I barely turn to look. I’ve been on the stand for hours now, answering his questions, trying to stay calm, and not snap or sound sullen, but it’s hard when I’ve had only a few hours of sleep all week. They took me off the sleeping pills, saying it made me look too robotic and detached on the witness stand, but now all I can do each night is stare at the cracked ceiling of my tiny cell and wait for the peace that never comes.

“Miss Chevalier?” Dekker prompts, and I realize I’ve zoned out again.

“It’s a map of the beach house,” I tell him, tired.

“That’s right,” Dekker agrees. “And can you tell us which room you were sleeping in?”

“The one you’ve marked in black.”

“The one by the front door,” Dekker continues. He’s got an iPad and a pointer, to move around on the screen. “And the victim, Elise, her bedroom was back here, to the rear of the house.”

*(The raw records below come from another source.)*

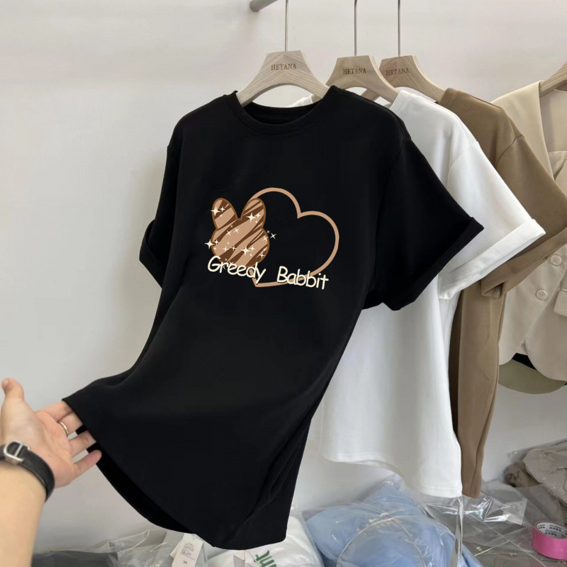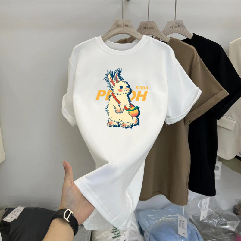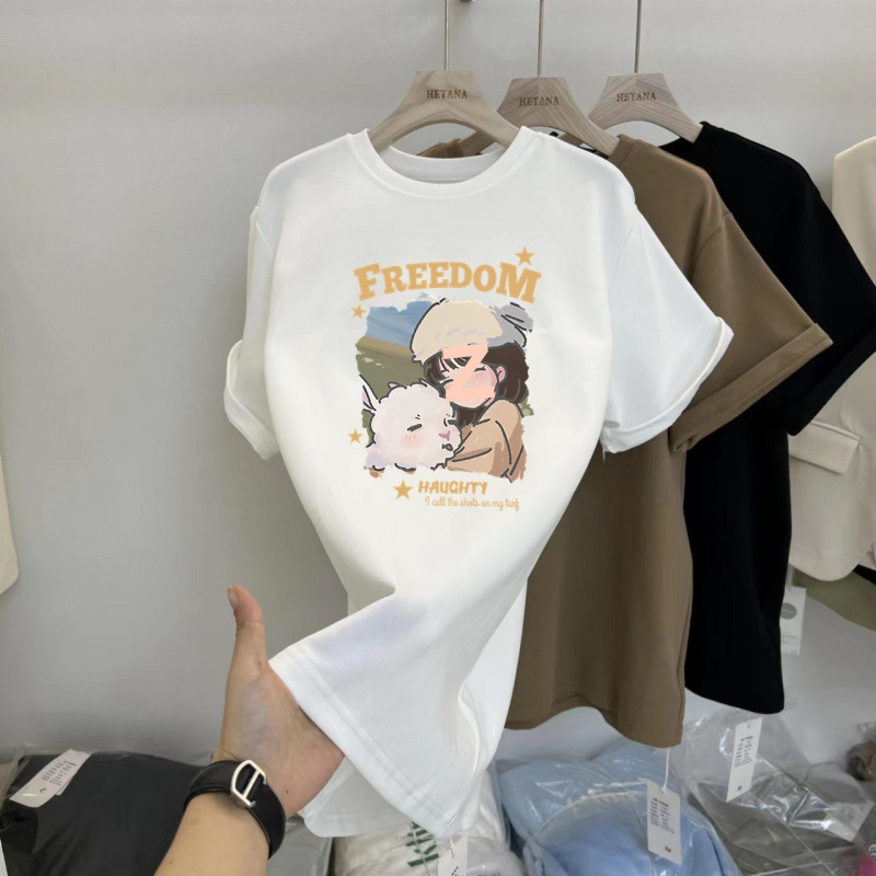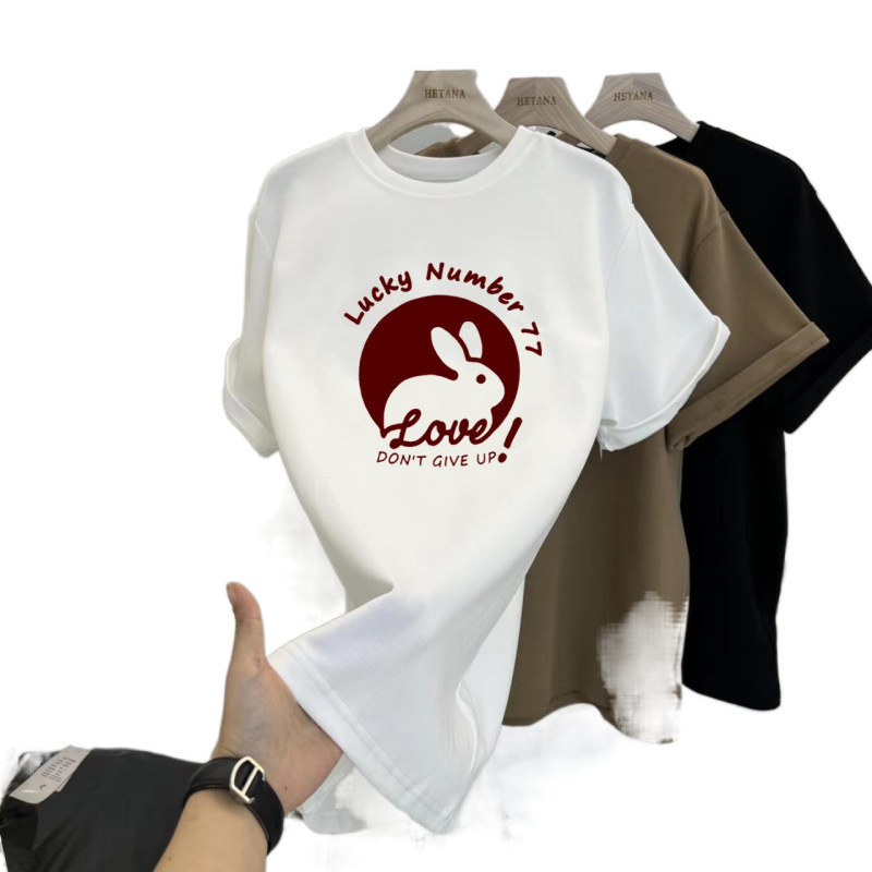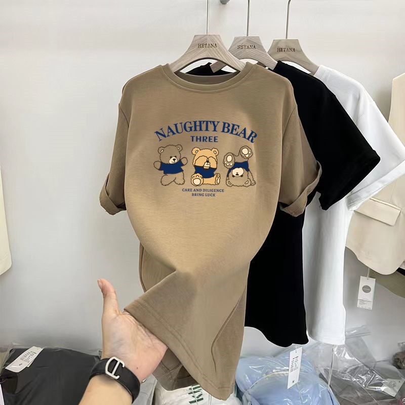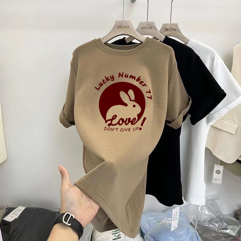 중간 길이의 반팔 티셔츠 여성용 엉덩이 커버 상어 바지 탑 루즈 코튼 토끼 다크 브라운 반소매 베이스 셔츠스토어 가기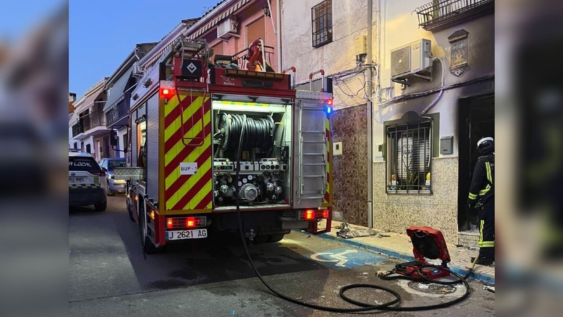 Los Bomberos extinguiendo el incendio de una vivienda de Alcaudete (Jaén). Policía Local de Alcaudete (Jaén)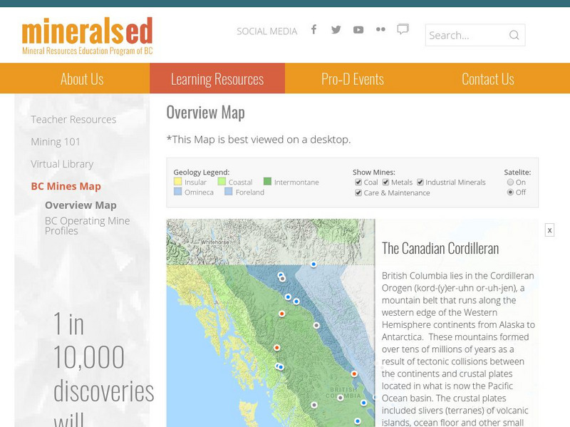 A map of British Columbia that shows the locations of all the coal and metal mining operation in British Columbia in 2008. Each coal and mining operation is linked to a secondary web page that provides detailed information on the various...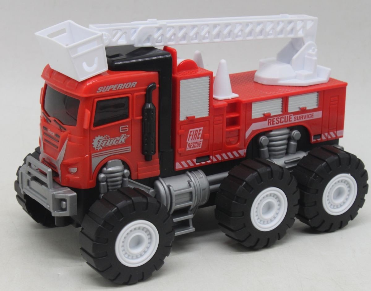 Машинка у вигляді пожежної машини. 3 пари коліс. Діаметр колеса – 5 см. Машина інерційна, має рухомі деталі. Яскрава та легка машинка виготовлена з безпечного пластику та має прекрасні деталі, що роблять її реалістичною та привабливою для дітей. Розмір - 21 х 11 х 12 см
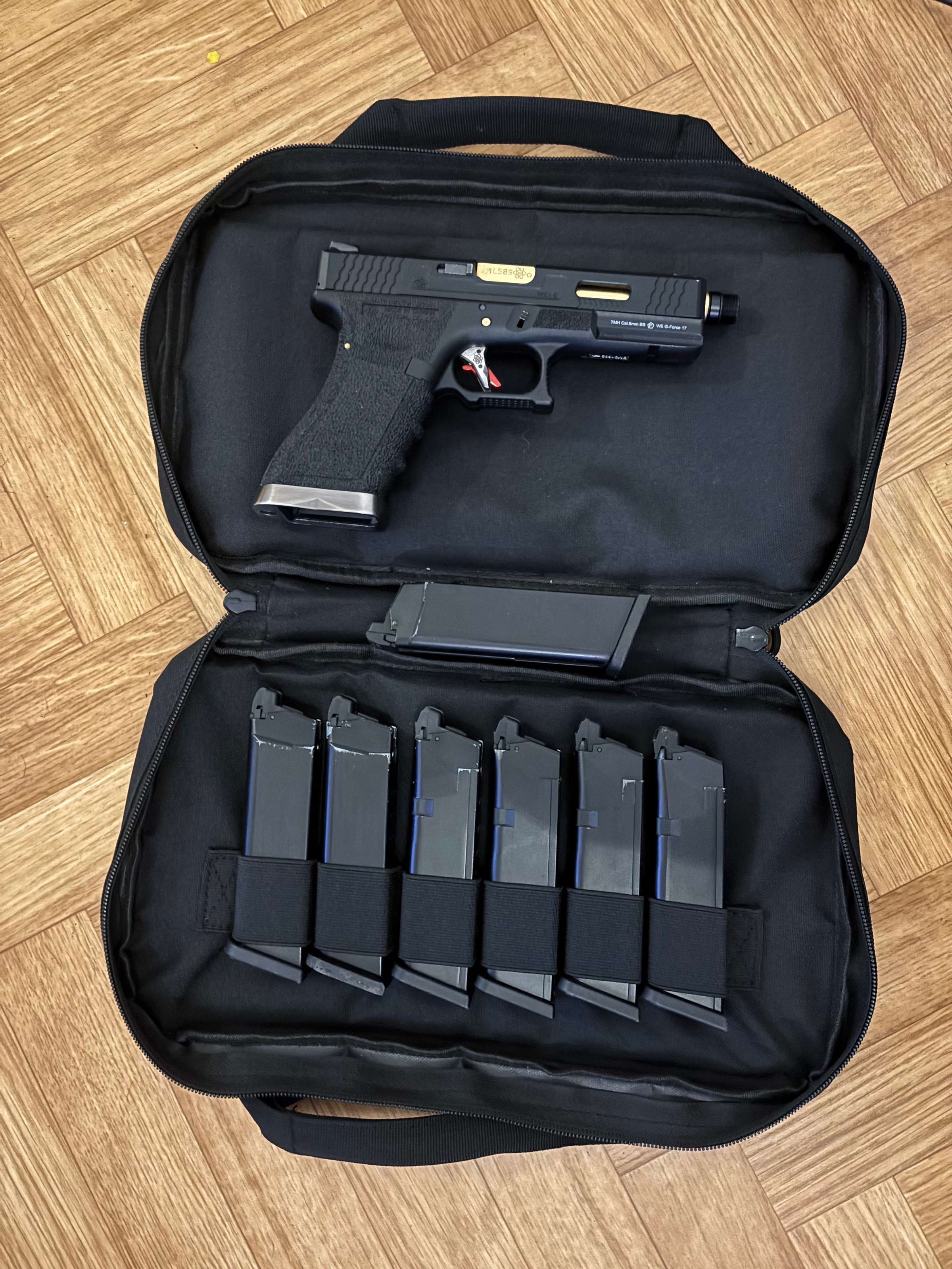 WE-tech Glock 17. Incl draagtas, 7 magazijnen en riem met linkshandige holster. Sommige mags moeten wel es nagekeken worden.

Her room, of course, is marked in red.

“We can see from the diagram, it’s barely ten feet from your bedroom door to the main entrance to the house. So it’s a fair assumption,” Dekker continues, “that if anyone were to enter or exit in order to get to Elise’s room, they would have to go past yours—which, as you’ve stated on several occasions, you were occupying the afternoon she died, between six and seven p.m.”

“No.”

Dekker stops. “You weren’t in the house at that time?”

“No, I mean, we were. Me and Tate,” I clarify, trying not to trip over my words. “But the front door wasn’t the only way in.”

“But if a stranger broke in to attack Miss Warren, as you claim, then he would have had to have passed your bedroom to get there.”